I rather think that what I am proposing in my amendment is the use of the affirmative procedure. I never heard my right hon. Friend say that that was not part of the proper democratic process when he was a Minister and used it many years ago; nor have I heard him say that on other occasions when it has been used. It is a question of what is proportionate. I entirely accept that there has to be scrutiny and a democratic process. But, for the very reasons accepted in the discussion between the Solicitor General and the right hon. Member for Birkenhead—the volume of matters that we would have to deal with, even with the sensible triage arrangements that we have to put in place—I am not sure that we need to go down the time-consuming route of full legislation going through both Houses. I am trying to propose a compromise that would get us through a limited number of quite technical cases.
I will use some examples predominantly from the financial sphere, but the amendment would also apply should we need to maintain regulatory equivalency in things such as data protection, which is important for criminal justice and legal justice co-operation. There may be no such cases when we leave, but they are always possible. That is what we need to deal with, and the principle holds generally.

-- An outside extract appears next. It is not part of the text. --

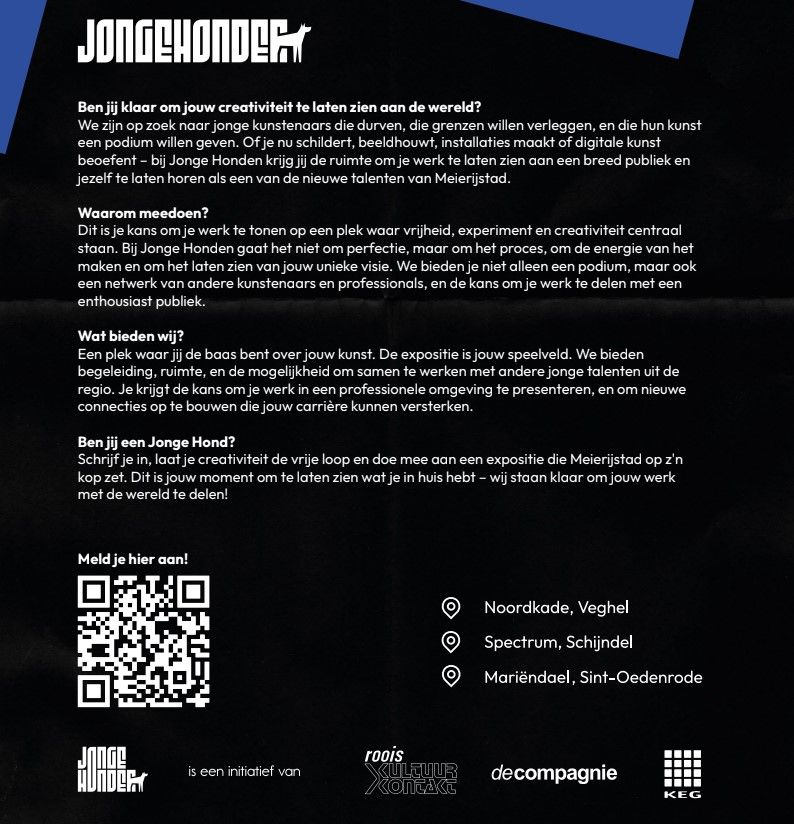 Zijn jouw creaties straks ook te zien is in het Spectrum, de Noordkade of in Mariendael ? Ken jij een talentvolle kunstmaker die een unieke kans verdient ? Trek dan die Jonge Hond over de streep. Aanmelden kan tot 1 februari via de websites van de Compagnie, de KEG en RKK https://www.decompagnie.art/jonge-honden.html.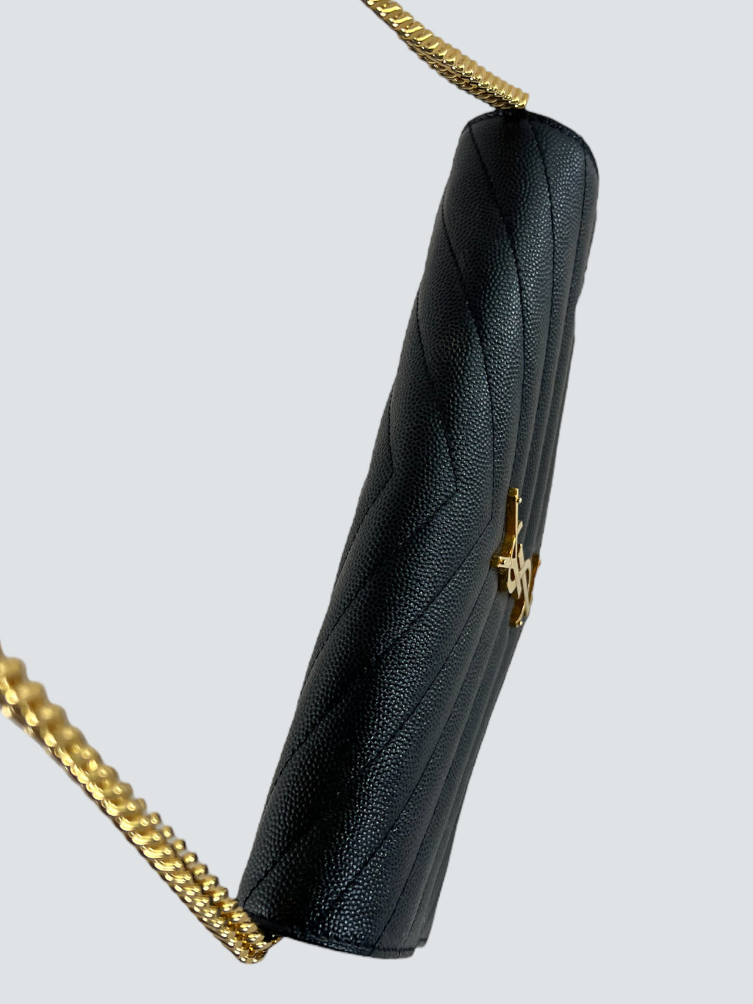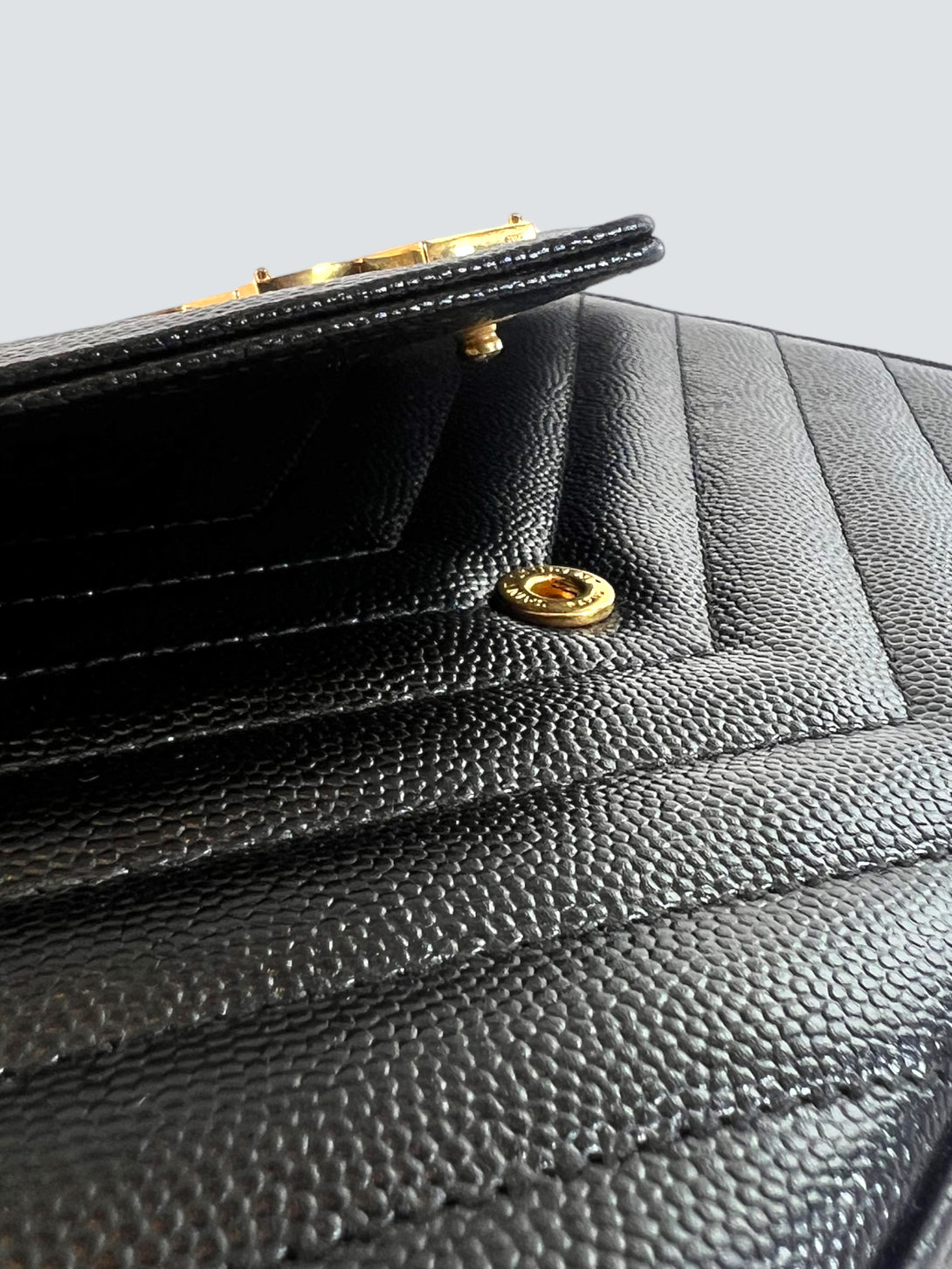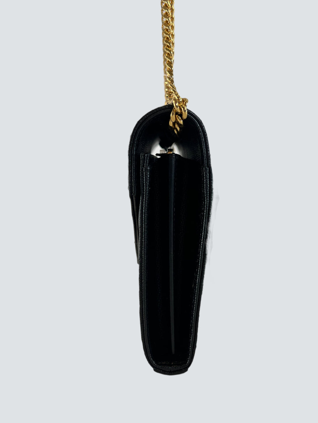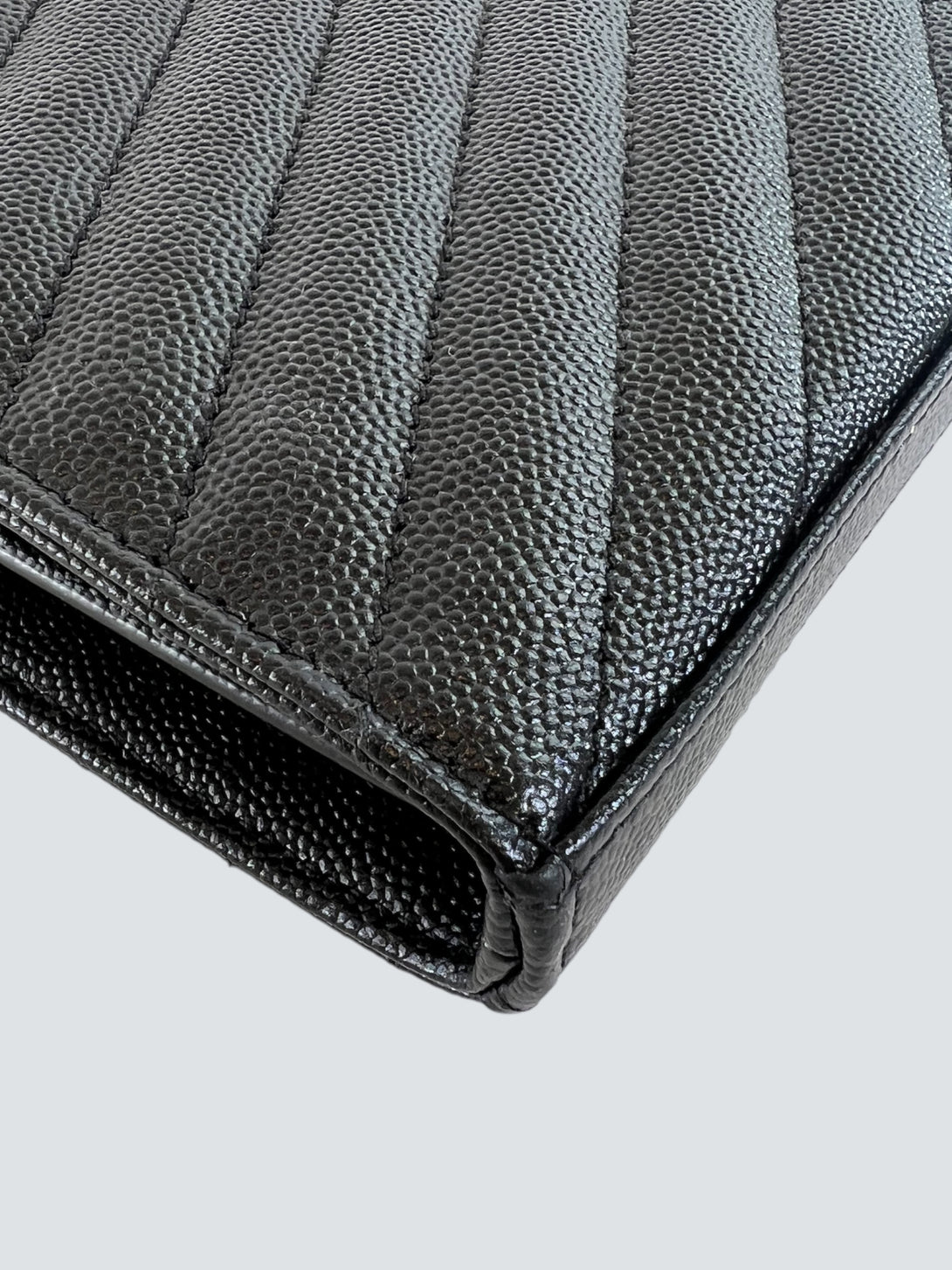 Saint Laurent Black Chevron Leather Cassandree Wallet on Chain

We may also need to deal with the difficulties that might arise in the context of EU legislation that is only partly implemented on exit day, or legislation that is enforced on exit day but whose effective operation depends on secondary measures that will be passed after exit day, which is not unknown even in our own domestic arrangements. In that situation, it would seem sensible to have the option to domesticate that EU legislation as it comes into force in the EU, so that it is enforced with us at the same time. We could do that through a vote on an affirmative resolution statutory
instrument, rather than by having to pass new primary legislation each time. That is a practicality matter, and I suggest it is important.